Shut up or die


This was to be a literary column but on Saturday morning I changed my mind. I beg my readers’ forbearance. It was after a tweet by Congress media panelist Salman Soz, asking Prime Minister Narendra Modi why it was that ever since the recent Kashmir crisis erupted, Modi had tweeted “hundreds” of times but not once on Kashmir. (This is also true of Modi’s townhalls and his Mann ki baat.) I phoned a friend in Srinagar, who laughed. “But who says Modi has been quiet?” he asked. “All this shooting at protestors, all of it is just Modi speaking to the Kashmiris.”
Modi-speak on Friday was particularly cruel. Three youngsters were killed and 200 were injured. (Another 400 on Saturday.) None of them were terrorists. But this is the pattern for the past month, since Hizbul Mujahideen commander Burhan Wani’s death on July 8. Many had warned about the summer of discontent that was brewing; Wani’s funeral was the spark for its mainfestation. Kashmiris grieved in the lakhs. And for that they were fired upon. This is Modi-speak: shut up or die.
In this violent cycle of protests and firings, the number of demonstrations has decreased, prompting a bizarrely Orwellian phenomenon of the government telling the Supreme Court that law and order had improved. It has its own logic — Modi looks at Kashmir as a land dispute and not a people-problem, which would require a political solution. In Modi-speak, there is no politics with Muslims.
Yet, in this month, 60 people have died, and thousands injured, overwhelming doctors with pellet injuries. This is not an improvement of the situation by any measure.
The government deals with it by calling it Pakistan-sponsored terrorism. Were this not the depth of cynicism, I might haved laughed at the government for not knowing the meaning of terrorism: the attack at Pathankot Airforce base was terrorism; Kashmiri political protest is not. Yet Modi-speak conflates the two, and why not. His followers don’t care. To the dismay of the writer Mirza Waheed, many youngsters declare that not only do Kashmiris deserve the repression, there ought to be more. Retired officials, from whom you’d expect sobriety, are like the ex-spy chief who recently asserted that “there is no freedom struggle” in Kashmir. Even a Mumbai editor on Facebook bragged about his ignorance of the Kashmir issue. A clinching qualification for his job, no doubt.

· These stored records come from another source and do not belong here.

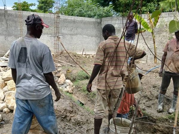 Because of your generosity, Level 1 is complete. Cement, rocks, gravel, and structural columns are now in place — the first steps toward laying the foundation.
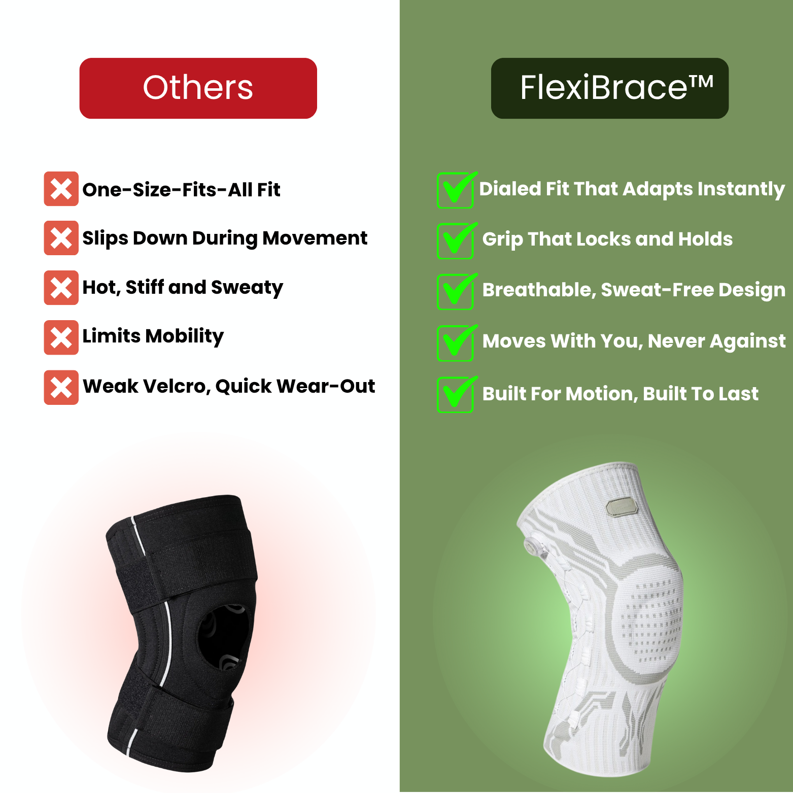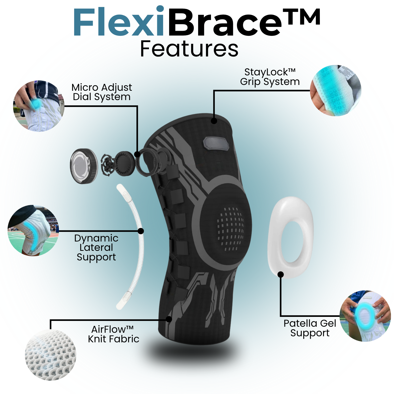 FlexiBrace™ is made from soft, skin-friendly fabrics designed for daily use and long-lasting support.
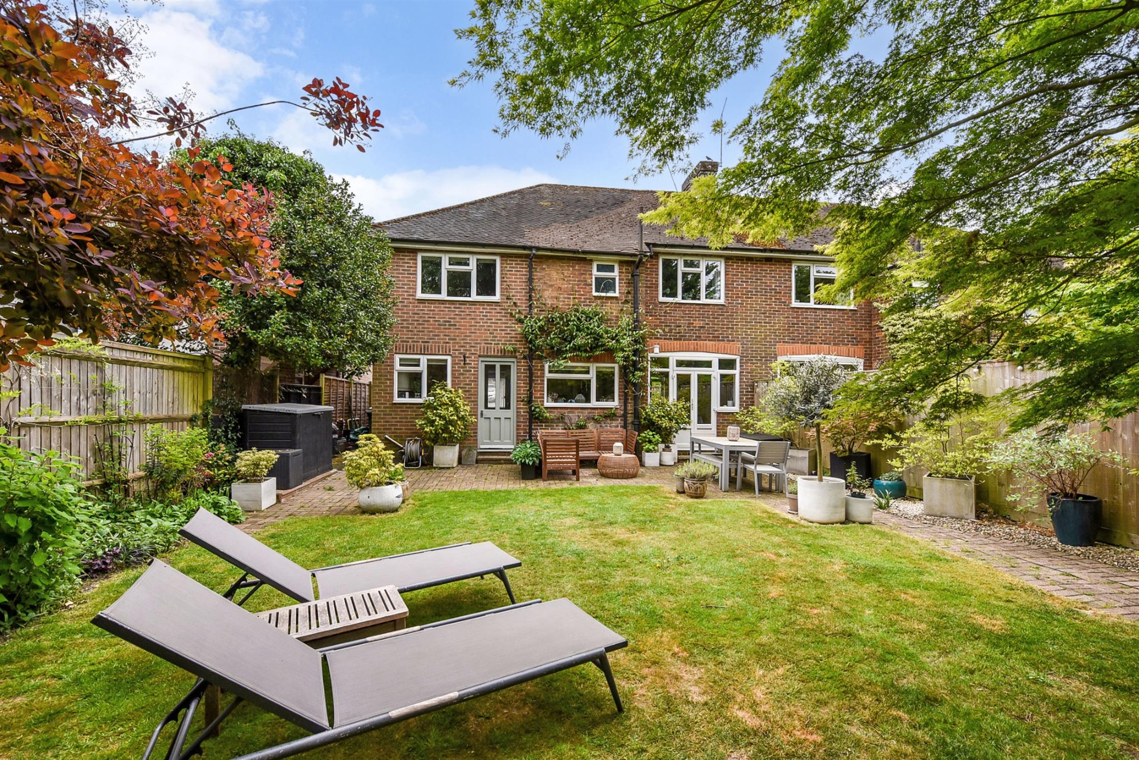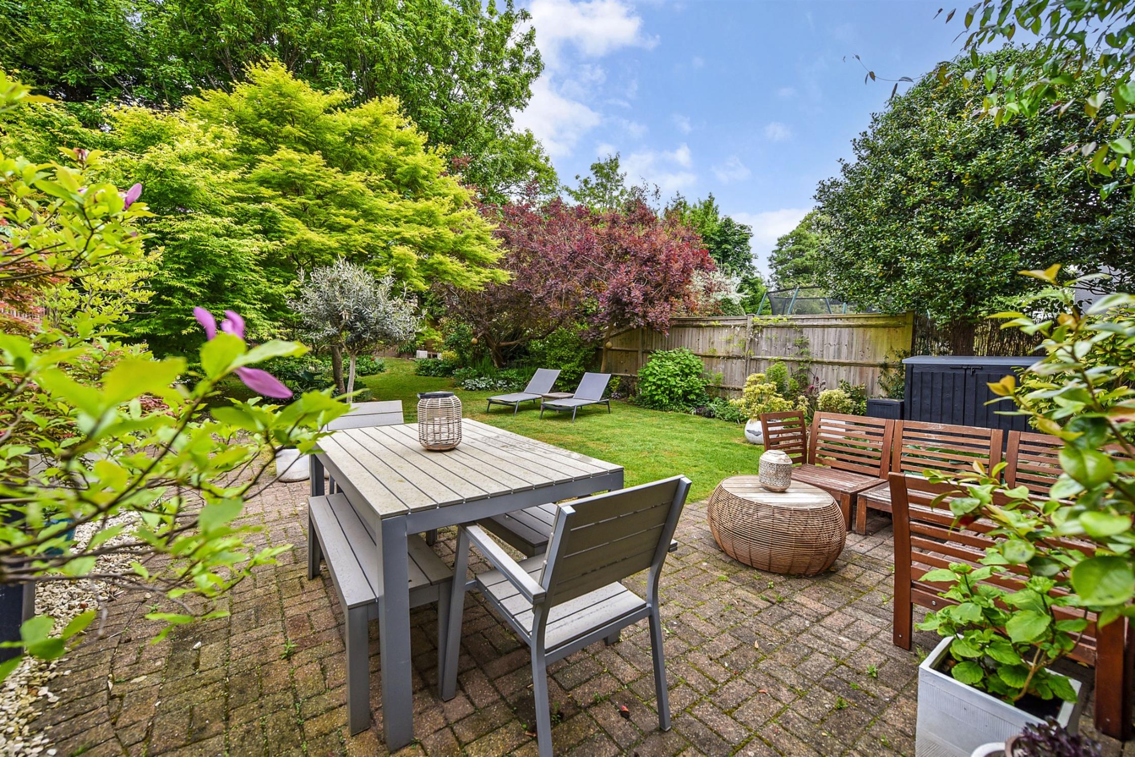 Patio space adjacent to the kitchen/dining area, with a well-presented lawn, and manicured flower beds throughout the garden. Some beautiful attention to detail and lovely planting results in a lovely haven.
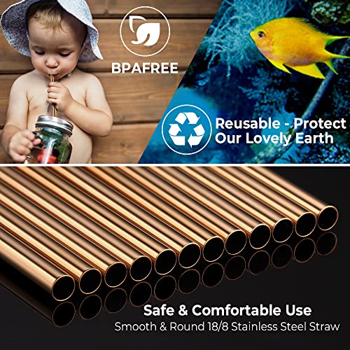 Ecooe 12 Bronzo Cannucce in Acciaio Inox Set, Cannucce Riutilizzabili in Metallo Senza BPA, per Frullatii Frappè Cocktail Succhi con 2 spazzole per pulizia Lavabili in lavastoviglie, frullati e succhi
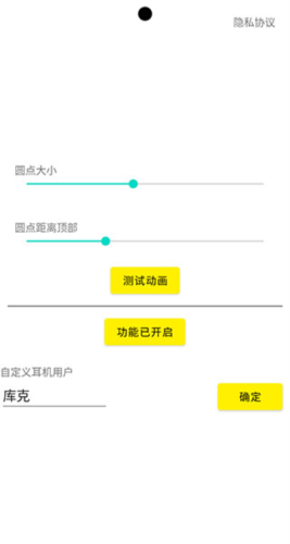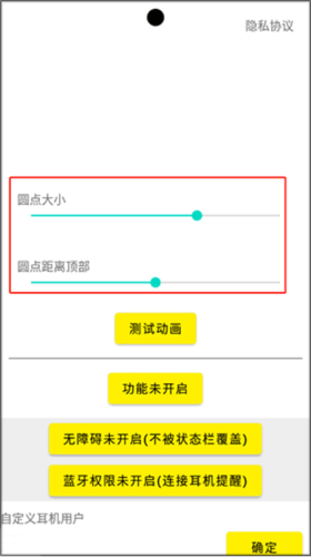 4、调整提示圆点的大小及其距离屏幕顶部的间距,点击“测试动画”即可在屏幕上方实时查看调整后的效果;
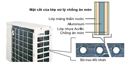 Dàn nóng của máy được xử lý chống ăn mòn với lớp phủ nhựa acrylic và lớp chống thấm nước đặc biệt. Nhờ đó, thiết bị có khả năng chống lại tác động của mưa axit, hơi muối và môi trường ẩm ướt, giúp tăng tuổi thọ và duy trì hiệu suất làm lạnh ổn định theo thời gian.
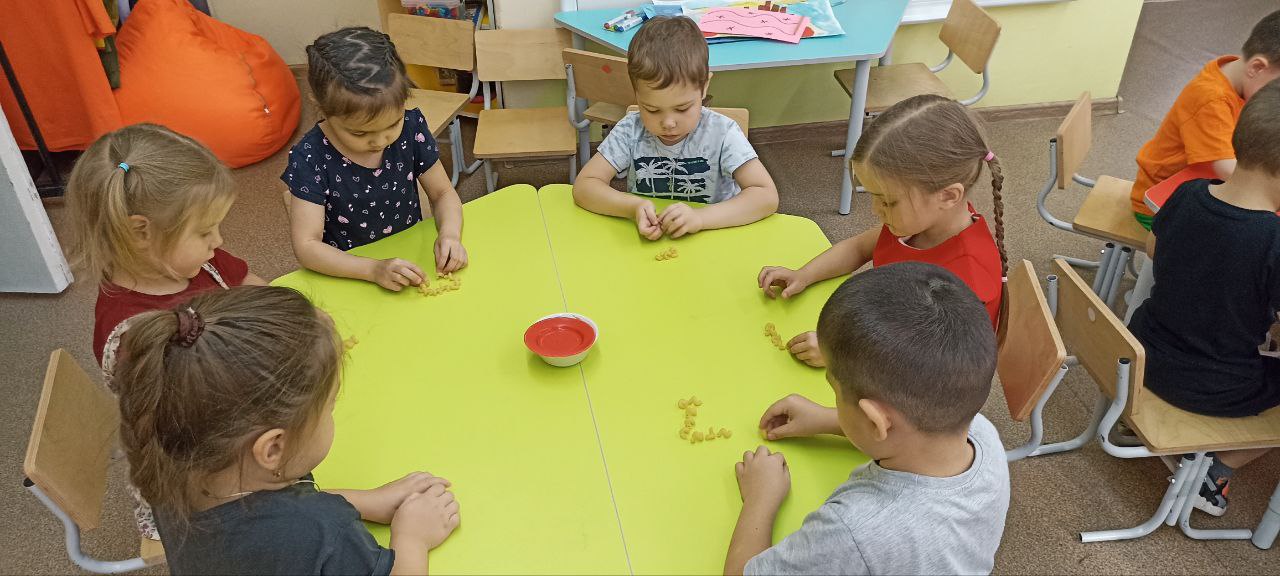 Поиграли с макаронами, закрепили геометрические фигуры, построив их из макарон. В итоге воспитанники воплотили творческую идею - выполнили аппликацию "Макароны с сосисками".
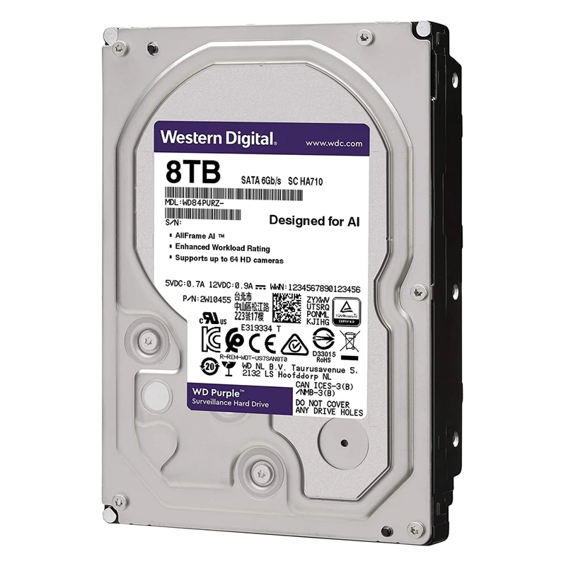 Western Digital WD84PURZ یک هارد دیسک از سری WD Purple است که برای محیطهای ضبط ویدئوی نظارتی طراحی شده و قابلیت عملکرد ۲۴×۷ را داراست. با ظرفیت بالا (۸ ترابایت)، حافظه پنهان مناسب (۱۲۸ MB)، فناوری AllFrame برای جلوگیری از افت فریم و پایداری بسیار بالا، مناسب سیستمهای DVR و NVR حرفهای با بار کاری بالا محسوب میشود. همچنین این هارد قادر است تا ۶۴ دوربین HD را در سیستمهای NVR پشتیبانی کند.
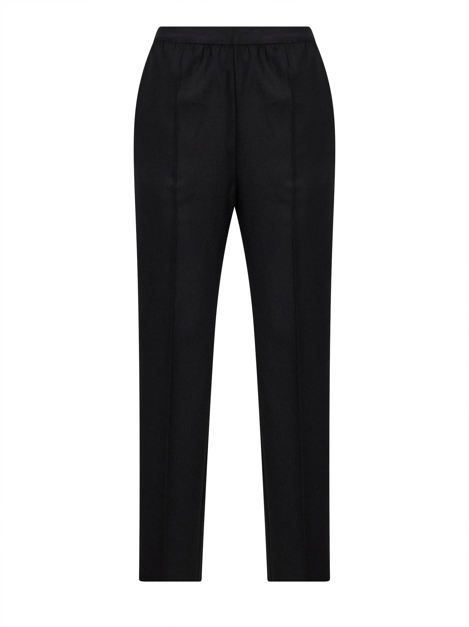 - Elasticated waistband - Side pockets - Four stitches at back - Pressed legs creases - Straight leg - Black color - 100% virgin wool - Made in italy Wool or fine animal hair: Virgin Wool100 % Made in: ITALIA Season: P26 S51KA0616S47782900
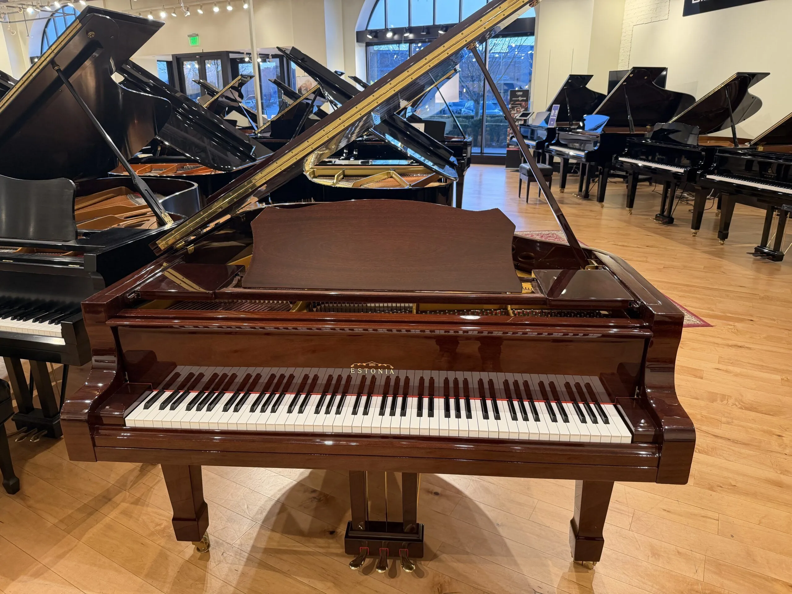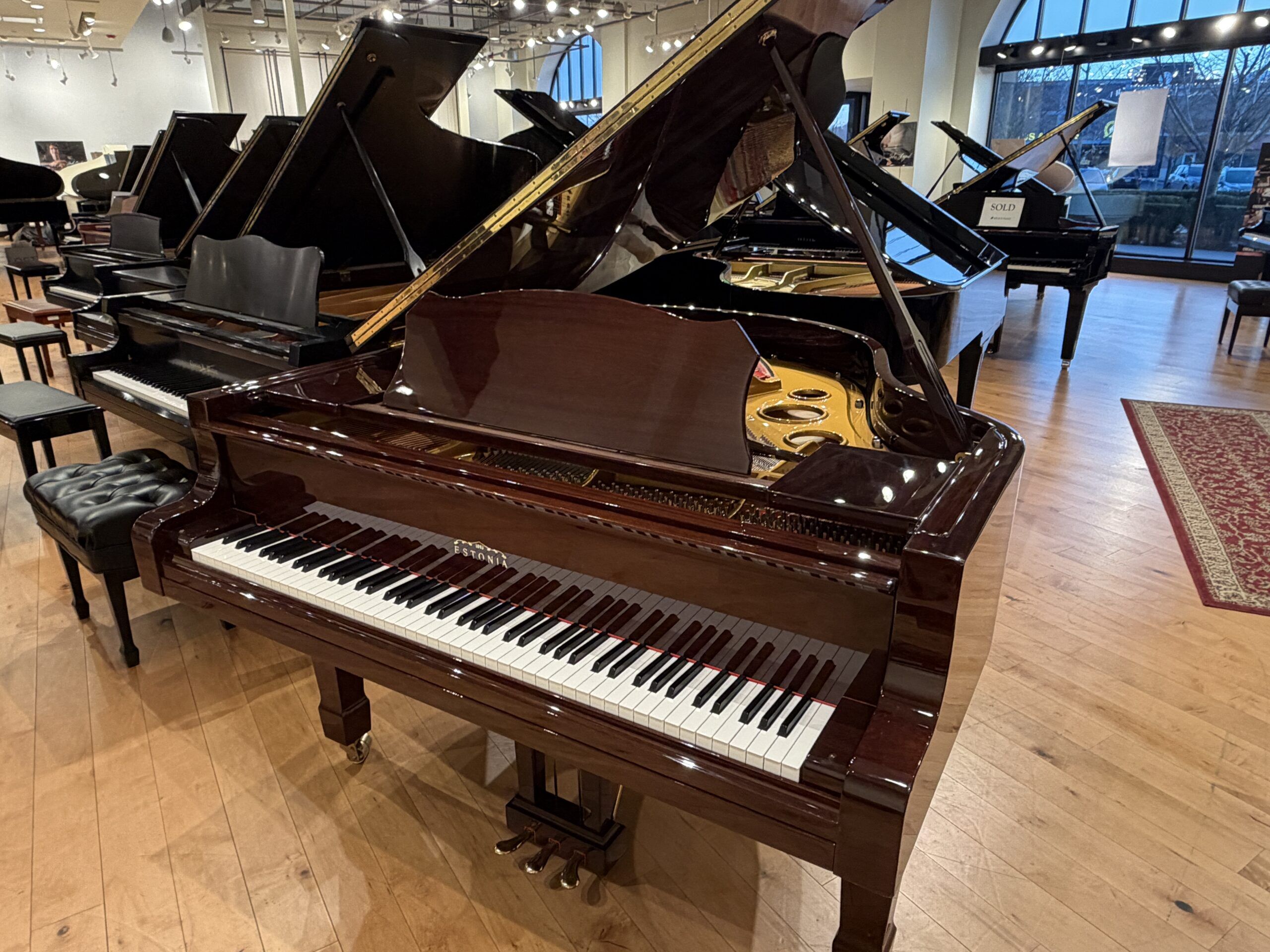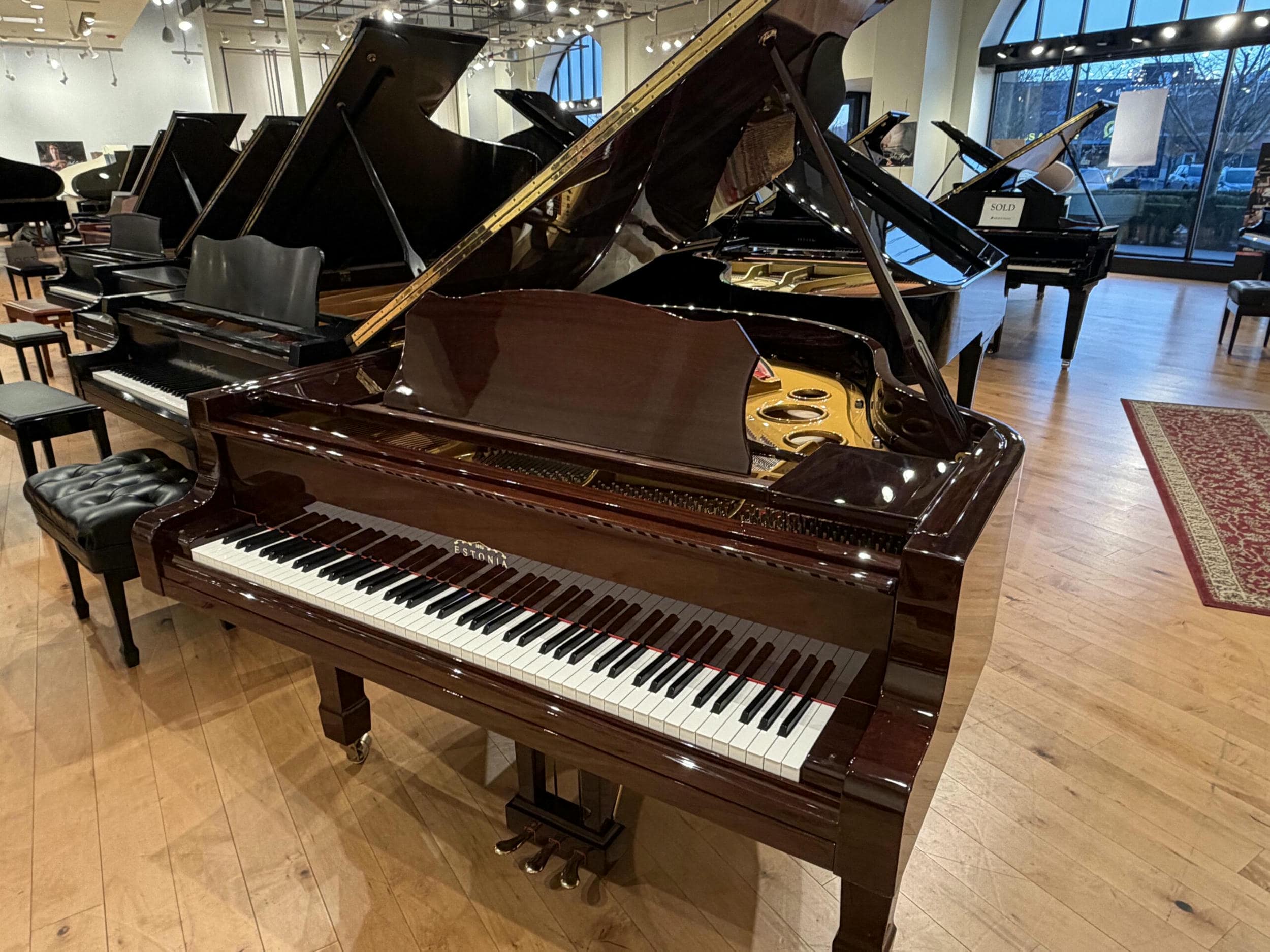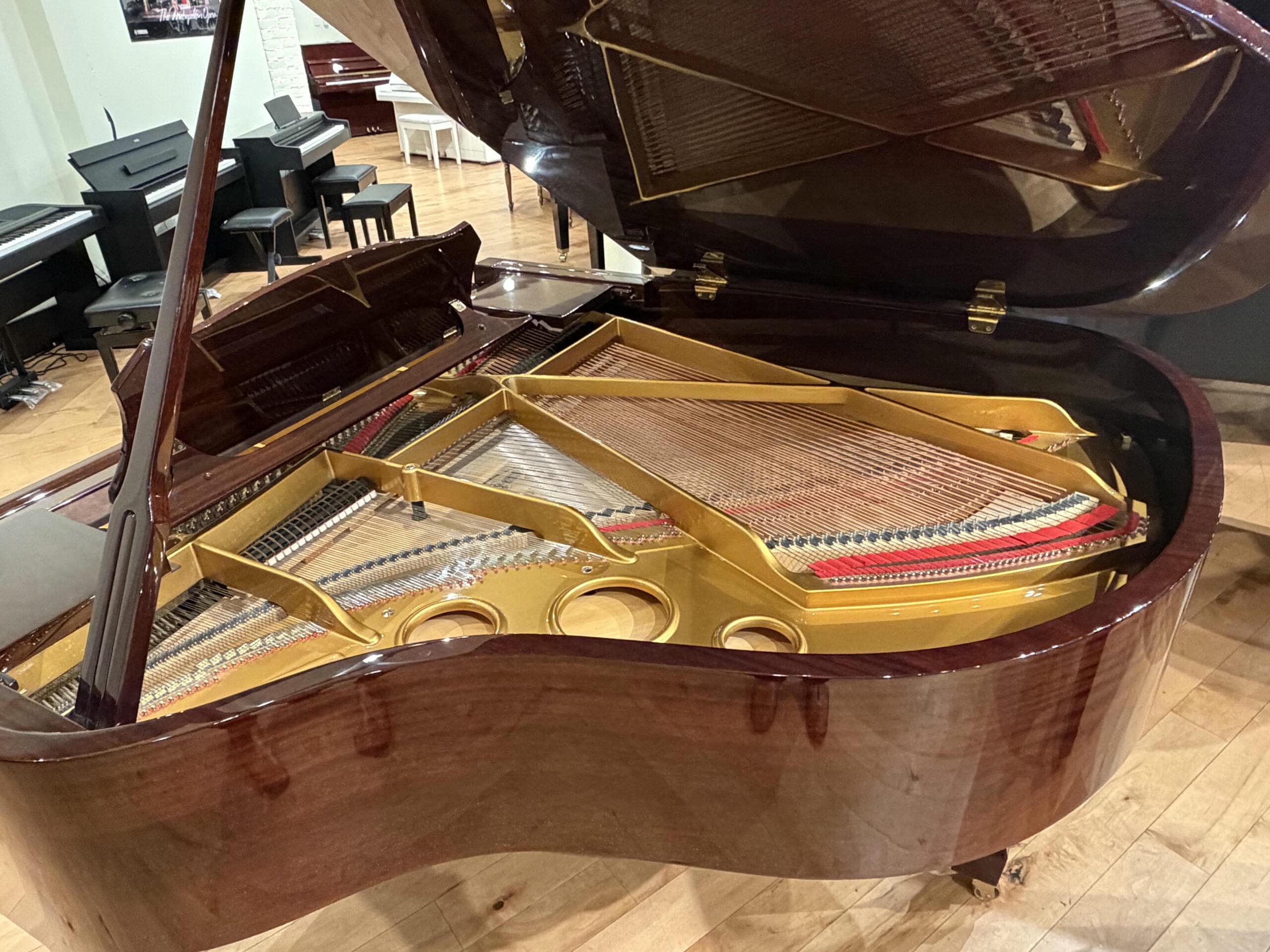 This beautiful, handmade piano represents a tremendous opportunity. Late-model pianos in this class are rare and tend to stay within a family for decades. The custom, tiger striped mahogany finish is in perfect condition with no fading. The sound is both warm and bold at the same time. The key action is sensitive and responsive making it perfect for both beginners wanting a quality instrument and for much more advanced pianists requiring a piano to grow with.

With this egging on, it is no surprise that in the world of Modi-speak, the deaths of hundreds, even a thousand Kashmiris, is acceptable. Crush dissent, teach a lesson. And yes, reply befittingly to Pakistan.
True, Pakistan has coveted Kashmir since 1947, though from 2003-2007, following former Prime Minister AB Vajpayee’s peace initiative, it was willing to settle the matter without changing borders. President Pervez Musharraf had even told Pakistan’s most avid ally, Syed Ali Shah Geelani, to get out of peace’s way. Now Pakistan just sits back and has a grand time. Read its media — it’s back to the 1990s rhetoric, throating full support for Kashmir’s separation from India, reminding the world that this region is a nuclear flashpoint.
This makes little difference to the believers of Modi-speak; they anyway advocate no dialogue with Pakistan (remember, no politics with Muslims). Yet consider the consequences of letting our guns do all the talking.
With this stamping out of dissent, you demonstrate to Kashmiris what modern India is. “I’m not unhappy,” the Kashmiri friend says. “It’s now black and white. There’s no fig-leaf of secularism, Gandhianism, liberalism, etc.” Even the media’s quietude in the past few days — be it either ultra-nationalism or the State’s invisible hand — leaves them to believe that we are all Arnabs. It’s clear: no middle ground exists between Kashmiris and India. “No more Kuldip Nayars coming here as the acceptable face of India,” he says. The bridges have been burnt.
Modi-speak has turned against us generations of Kashmiris, including today’s children. Kashmiris during Vajpayee’s time were ready to make a fresh start after the devastation of the 1990s; such is no longer the case. There doesn’t appear to be a Vajpayee on the horizon. It doesn’t take a soothsayer to predict that the cycles of violence will only get worse.
I did not know what to say to my friend. “Don’t worry,” he said. “Even we don’t know what to say.”
And so I changed my column, begging your forbearance. Because I don’t want my country to lose its moral bearings; because a call to conscience is the need of the hour. Kashmir is not a land dispute (that would only legitimise Pakistan’s claim, dismissed by us since 1947); Kashmiris deserve a political redressal to live honourably; the heel of the jackboot is no solution. Trouble is, Modi-speak these days is loud, and direct.